The first unknown was the descent off UN 6894 on Treasure Mountain and into Ash Spring Canyon. Cliffing out here would not be the end of the world, given that I already had a clear line of sight down from the original ridge I’d planned to use, which was the one to the NW, toward UN 6613. However, since it was getting late and the terrain in this area was generally very forgiving [in terms of not cliffing out], I decided to risk a blind descent off the NE ridge, which was a more direct route back. There were two ‘holy feces moments’… the first occurred midway down and proved to be more of a mind tarzan swing than anything else, requiring nothing more than some upper Class 2 / lower Class 3 maneuvers to negotiating a short section of vertical rock; and the second was emerging from some brush toward the bottom, only to lay eyes on a massive, circular-shaped boulder that looked to be the size / height of a multi-story house. However, after taking a few steps closer, [and noticing not one but many areas where animals routes skirted the massive monolith], I was very relieved knowing that Unknown #1 [i.e. my more direct descent into Ash Spring Canyon] would be a success.

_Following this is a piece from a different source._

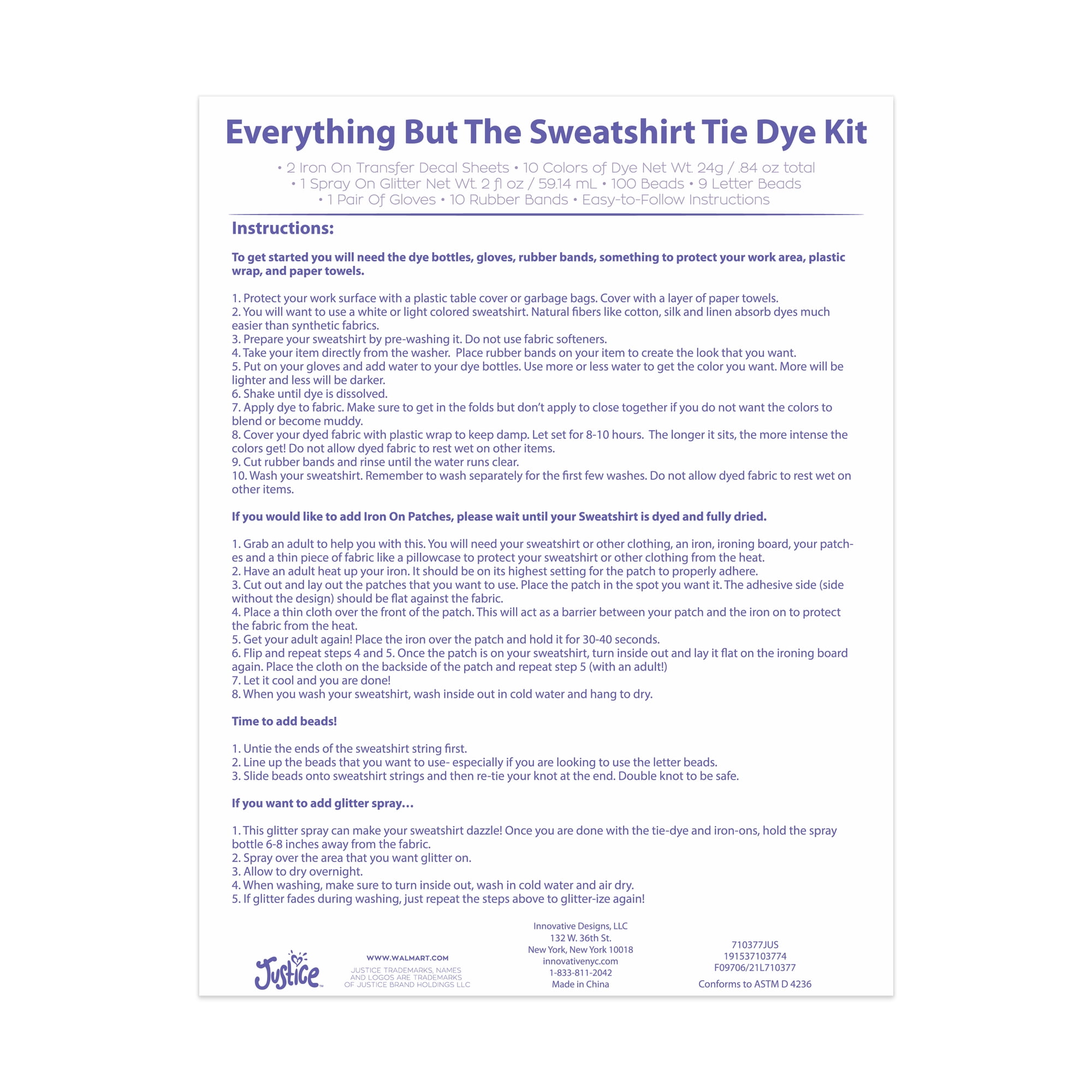 Justice Unisex Child & Teen Everything But the Sweatshirt Tie-Dye Kit

The next big unknown was getting from UN 7470 to Little Bear Mountain. The thick tree cover prevented me seeing any underlying cliff/crag; and, while the topo contours looked unquestionable favorably, [I’ve never seen anything with such generous contours that does not end up panning out], I’ve been let down one too many times but the topos, that I had to experience it to believe it. Aside from some moderate brush, it luckily ended up being very easy/doable. Had I known this, I definitely would’ve spent some more time down in the beautiful Ash Spring Canyon… or up on the amazing ridgeline between UN 6833 & UN 7470. This ridgeline was one most fun parts of the entire adventure. With a steep grade but excellent footing, it was one of the rare times where my off-trail pace was limited by my legs/lungs vs. the terrain; and toward the very end [approaching UN 7470], what looked to be a not-so clear line of sight that I’d initially planned to skit actually panned out [barely]. A rather vertical rock slab had one small section with ‘indents,’ almost like stairs, [which made what looked like a shear vertical section from a distance be easily doable]. Topping off the super fun ridgeline experience were the killer views; and making them even more awesome was the fact that I could turn almost 360 degrees and admire the surrounding peaks & ridges I’d hit up over the course of my adventure…

…the final one I had yet to do: Little Bear Mountain, [but as expected, this one proved to be extremely quick and easy given that a full out jeep road goes all the way to the summit]. I was unable to find a typical register on Little Bear, but near the highpoint was a geocache register. One of the items inside is a small replica of a grasshopper, and it vibrates at the slightest trigger [i.e. the moment I touched the container]… I couldn’t help but laugh at how many people are going to jump out of their skin over this.

After Little Bear Mountain, the final 2 miles were very smooth sailing on dirt road back to my vehicle.